Another group worship at the altar of the Precautionary Principle. If it's not proven safe, it's dangerous. Note: Salt has not been proven safe. For grandfathered-in substances, traditional ones, they're tolerant. For innovations it must be proven not just safe beyond a reasonable doubt, but safe beyond all doubt. They like strict standards for approval, so most things that are currently in use would fail the test. When something they don't like passes all the tests, they doubt the methodology of the tests and call for research to improve the stringency of the tests.
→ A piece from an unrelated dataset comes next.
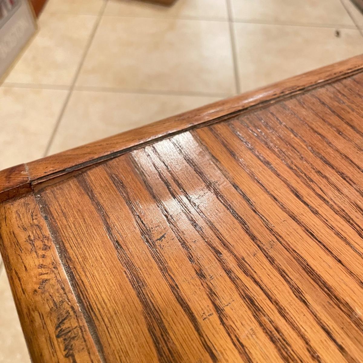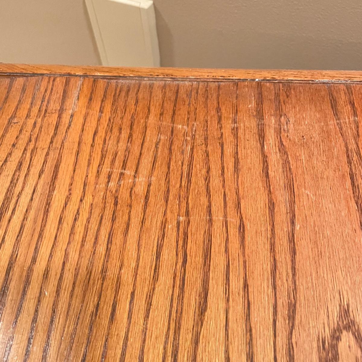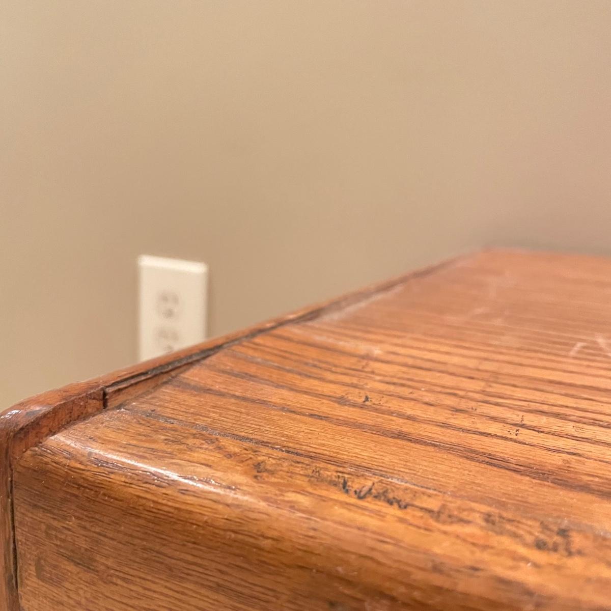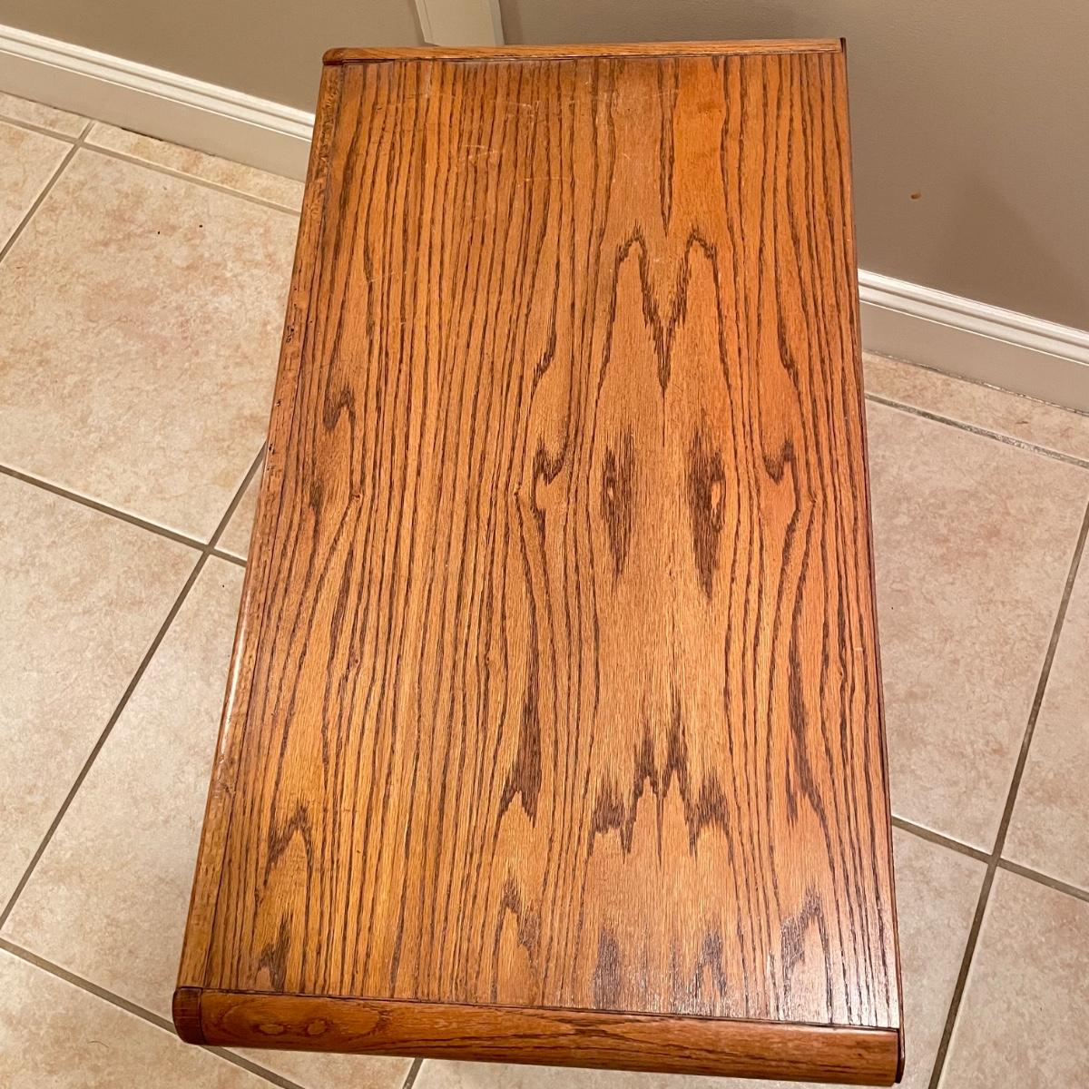A short, rounded, rolling shelf. Unit has one middle shelf on tracks letting it slide out. Piece has usual wear, and also a small area of bowed wood on the top- see photos. It measures 30” x 16.5” x 19”H. Local pick up only.

Some anti-GMO folk are just anti-corporatist or anti-large-company. They're not opposed to people having large amounts of power; it's a trust issue, they want people like themselves (and only like themselves) to have power. These are the ones that have the strongest urge to appeal to authority.
Politicians can be in any group. Often they're in the fourth group--they have power and like to wield it. If they one out of things to control, then all the power's with the bureaucrats because all the "good" laws are written. They play off the economic fears or desire for empowerment of the first, the incompetence of the second, find the precautionary principle to be fertile grounds for breeding and developing new laws and entire new genera of laws, and delight when they are the people that others find to be like "themselves" and want to give power to.
It's had a hard go in America, where we tended to be individualistic, had a traditionally large group that looked to science and engineering for progress and found the precautionary principle to be a hindrance to a lot of things, and esp. dislike giving away too much of what they (apparently foolishly) deemed their own power to others.